Awhile ago I was cleaning up the garage and put the other shoe, the right shoe, in a box that i intended to sort through and give the bulk of its contents to the Salvation Army. Somehow the box found its way to the porch where an unaware Salvation Army representative found it unbeknownst to him containing half of the holiest pair of bowling shoes ever worn. They say the pope and many preachers love to wear insanely expensive Italian shoes. I say fuck that! These shoes screamed brimstone and fire. Remember that Ozzy song "Miracle Man"? No? Well i washed plenty of dishes to it, so I do. He mentions brimstone and fire in that song, and you know that he's talking of that deep south, raise the roof off the sucka evangelical madness, and with the right hair, and right suit, these shoes would have completed the preacher ensemble.

Oh right, the Salvation Army....anyways so I immediately notice that the box was gone, along with my shoe. I called the Salvation Army and proceeded to have the following conversation with operator, who may have had the best intentions but did little more than mock my anguishing over my lost right shoe.

Salvation Army Operator: Salvation Army

Luke: Yes, I'm calling about a box that was accidentally picked up, that contained a shoe of mine.

Salvation Army Operator: A single shoe sir? Why do you want a single shoe back?

Luke: Well, it's a bowling shoe that I have certain connections to. I feel very strongly about that shoe.

Salvation Army Operator;: What does the shoe look like? Can you describe it for me?

At this point I realized she was fucking with me, and had no intention of helping me find my shoe. She just wanted me to pour out my heart about the shoes flames and yellow laces, which I did. She also started laughing, not out right belly laughing, but subdued laughing not unlike the sort that goes on at funerals or weddings when you shouldn't be laughing.
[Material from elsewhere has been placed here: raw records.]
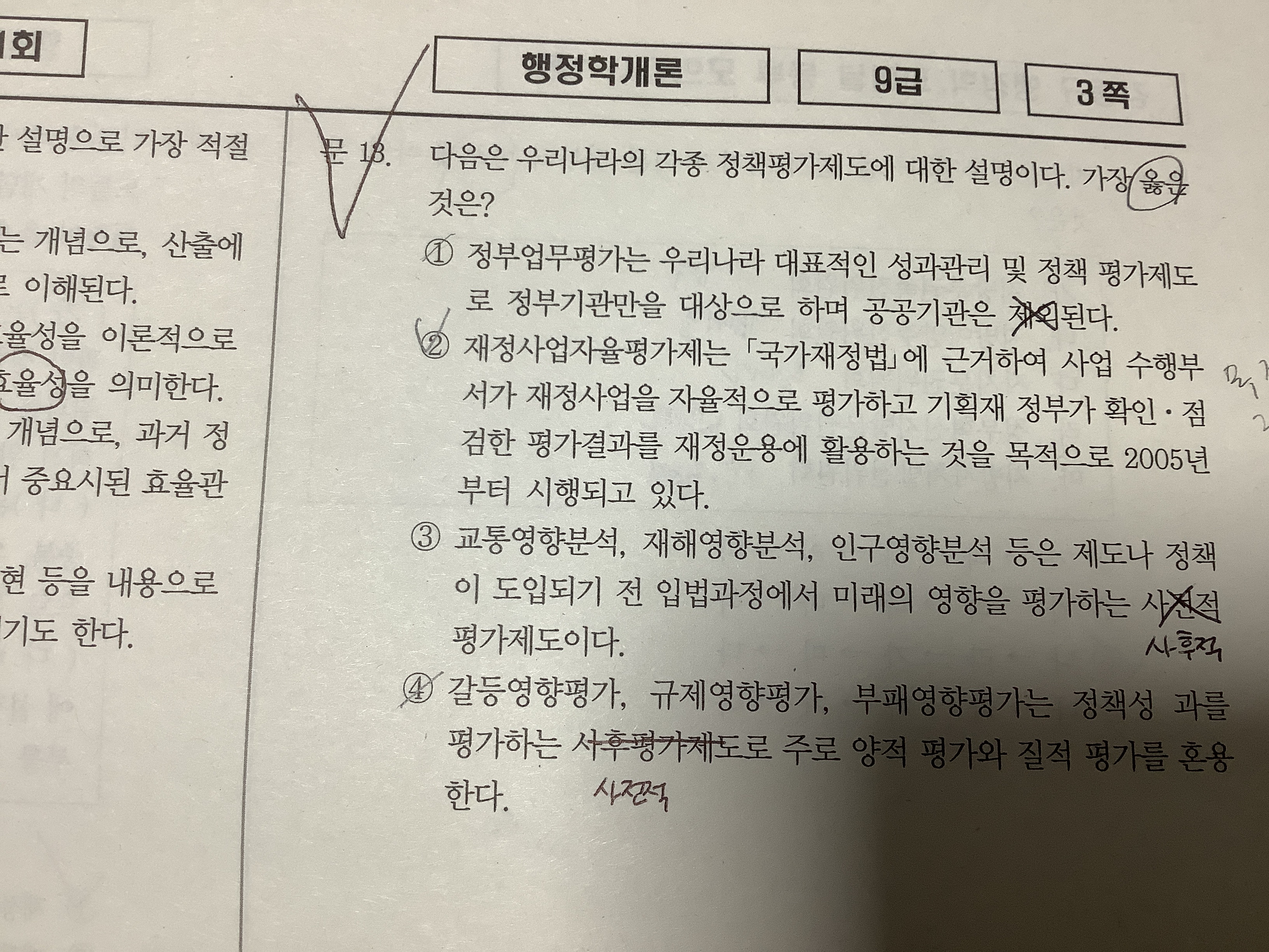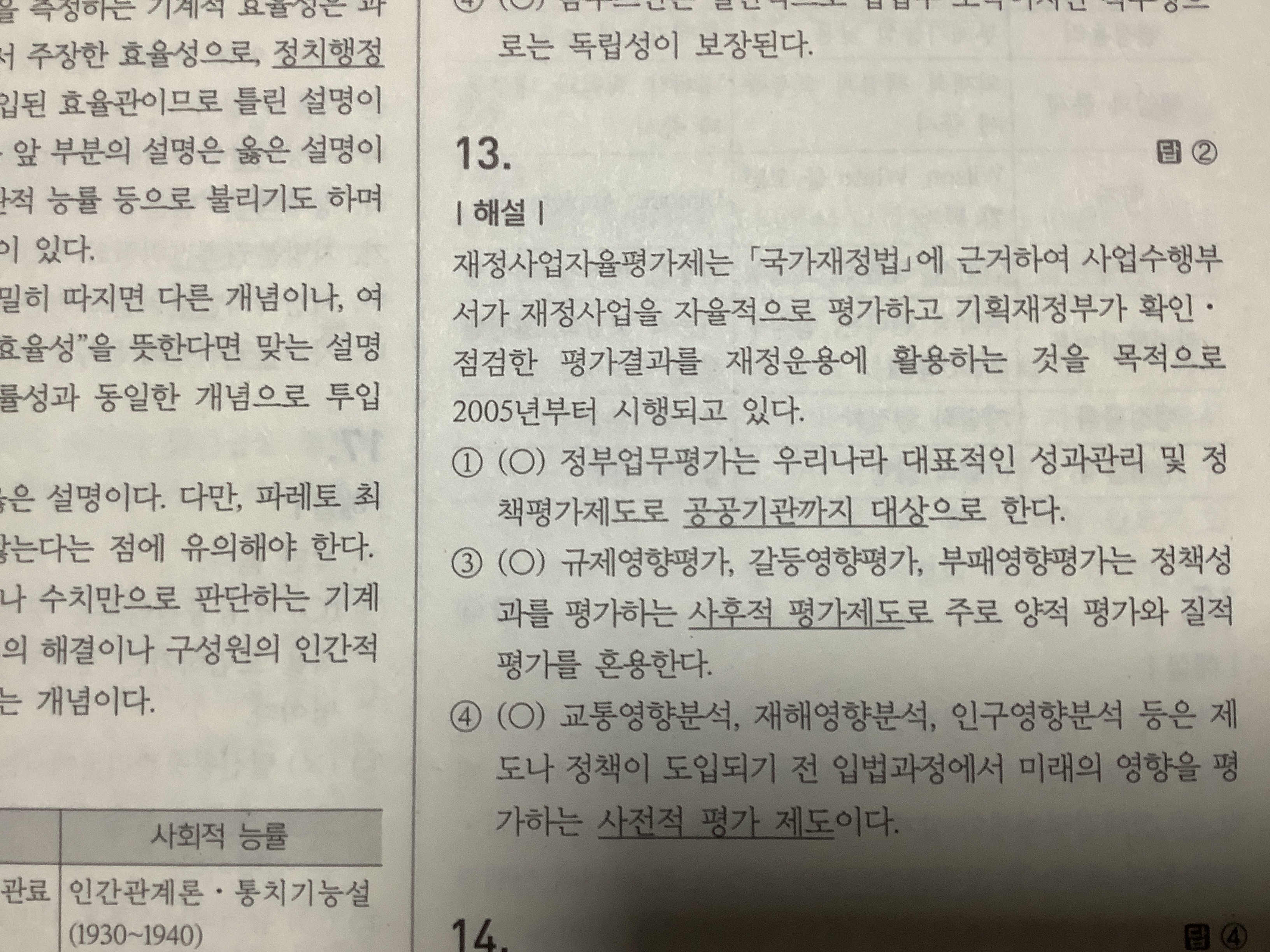문제 13번 옳은것을 고르는 문제인데 답은 2번인것은 알겠습니다. 그럼 나머지 지문들이 틀린 문장이여야하는데 해설을 보면 다른 선지들이 다 맞는 문장으로 되어있습니다. 3,4번 지문에서 교통영향분석, 재해영향분석, 인구영향분석은 사전적평가제도이다. 틀린문장이여야하는데 해설에서는 맞는 문장이라고 되어있는데 옳게 고치면 사후적 평가제도 바꿔야하는건가요 ? 갈등영향영평가, 규제영향평가, 부패영향평가는 사전적평가제도인가요 ?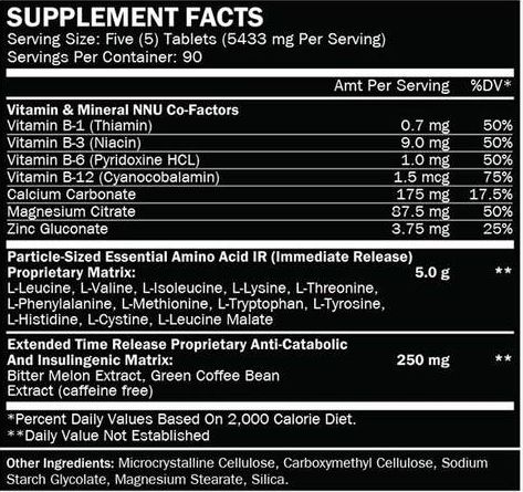 Mezcla patentada de aminoácidos esenciales IR (liberación inmediata) nanométricos (L-Leucina, L-Valina, L-isoleucina, L-lisina, L-fenilalanina, L-treonina, L-metionina, L-triptófano, L-tirosina, L-cisteína, L-Leucina Malato), matriz insulinogénica y anticatabólica patentada de liberación prolongada en el tiempo (extracto de melón agrío, grano de café concentrado), vitaminas y minerales cofactores NNU (vitamina B-1, vitamina B-3, vitamina B-6, vitamina B-12, Citrato de Magnesio, Carbonato de calcio, zinc Glucanato).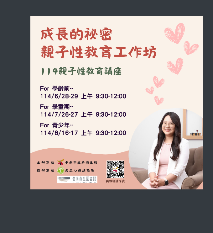 二、活動詳情: (一)活動主講人:元品心理諮商所諮商心理師─蔡于岑心理師 (二)活動地點:臺南市立圖書館永康總館-4F手作教室(台南市永康區康橋大道255號) (三)活動日期: 1、114年6月28-29日上午10時,Part.1學齡前性教育 2、114年7月26-27日上午10時,Part.2學童期性教育 3、114年8月16-17日上午10時,Part.3青春期成長篇(四)報名網址:https://p.tainan.gov.tw//iMkaq2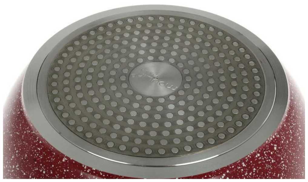 - Плоская поверхность обеспечивает полный контакт с конфоркой, ускоряя нагрев и предотвращая скатывание сковороды.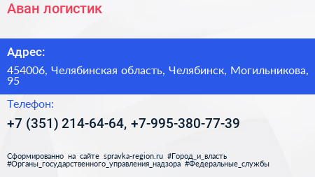 Аван логистик по адресу 454006, Челябинская область, Челябинск, Могильникова, 95 в дальнейшем Организация, размещена в следующих категориях:
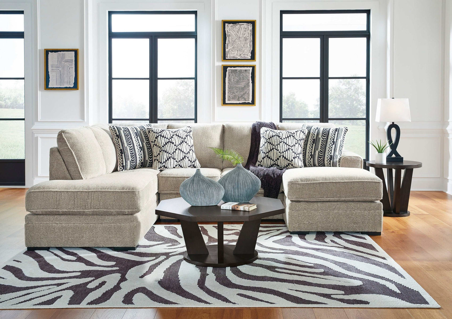 This sectional caters to your need for contemporary comfort. It’s decked out in feel-good fabric in a versatile hue. Family-friendly and ideal for hosts with the most, two chaises give more people the space the sprawl out. Quality time has never been so cozy.

I made a mental note of this as to remember what charity should and shouldn't get my old Motley Crue shirts and corduroy pants when the appropriate time arrives.

Salvation Army Operator: Flames? Wow, that sounds like a fancy shoe. Thing is, we gets thousands of items everyday and to search through dozens of trucks to find a single shoe is probably not something any of our workers would want to do.

Luke: Well can't you put out an A.P.B., you know, to really get the word out?

Salvation Army Operator: Sir, we're not the police, that's not what we do. I can ask around and maybe one of the truckers might have seen the shoe, but I'd say your chances of getting the shoe back are probably very slim. I'm sorry darlin'.

Needless to say, when it came time to part with my Motley Crue tour shirts and extensive collection of corduroy pants, the Salvation Army was not notified. It's hard to keep an eternal middle fingered extended in the general direction of a charitable organization, but I try my best. Oh lord do I try.

My beloved right, flame covered bowling shoe, RIP
1998-2010

1 comment:

Hellofacey said...

Awe :( I almost cried a little bit. Almost.